According to Ryan King, a software engineer at Twitter, the MySQL database used in Twitter is going to be replaced by the open source Cassandra data management system. Cassandra is a new types of data handling systems that are powering large Web applications, particularly social networking sites which deal with hundreds of thousands or millions of users. It can run on large server clusters and is capable of taking in very large amounts of data at a time, performing sorts and calling up relevant data quickly.
This move by Twitter to stop using MySQL is just one of several recent MySQL replacements at social networking sites. Other websites like Facebook and Digg, which were also powered by MySQL, have already made the switch.
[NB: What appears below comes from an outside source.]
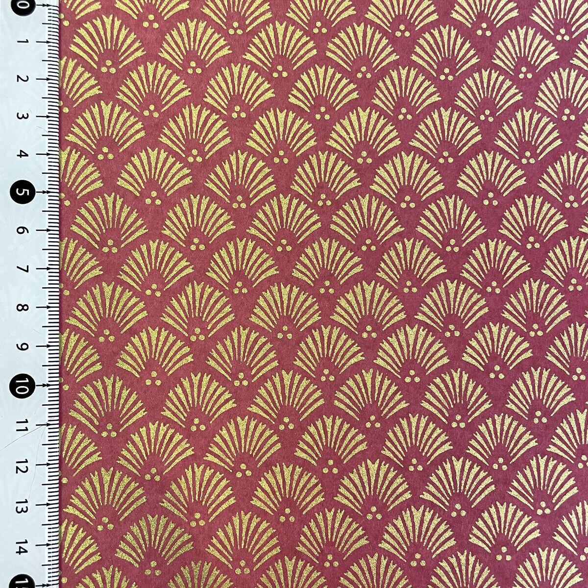 金色が華やかな加賀友禅 和紙 松葉紋様 浅蘇芳色 赤 菊判 大判 約63x 93cm Kaga Yuzen Dyeing

Twitter has gone from 2 millions tweets a day to more than 50 million in 2009. King is quoted in an interview as saying that Twitter wanted a system that could keep up with such kind of growth. King also said in the interview that Twitter sought a system with no single point of failure, which could execute highly scalable writes, and had a healthy open source community behind it.
Cassandra was originally created by Facebook to manage its data. It is now an Apache Software Foundation project and has recently been given a full project status and has an active developer group.
Since big Web systems need to assimilate large masses of data and make it available, frequently in read only fashion, systems like Cassandra concentrate on more immediate goals than the pristine data handling rules of relational systems.
More machines can be added to a cluster running Cassandra without disrupting its operation. Cassandra can expand without application programmer intervention across the server cluster. As more hardware are brought on line Cassandra can activate itself on a new node, calling out to the cluster load balancer for work to do.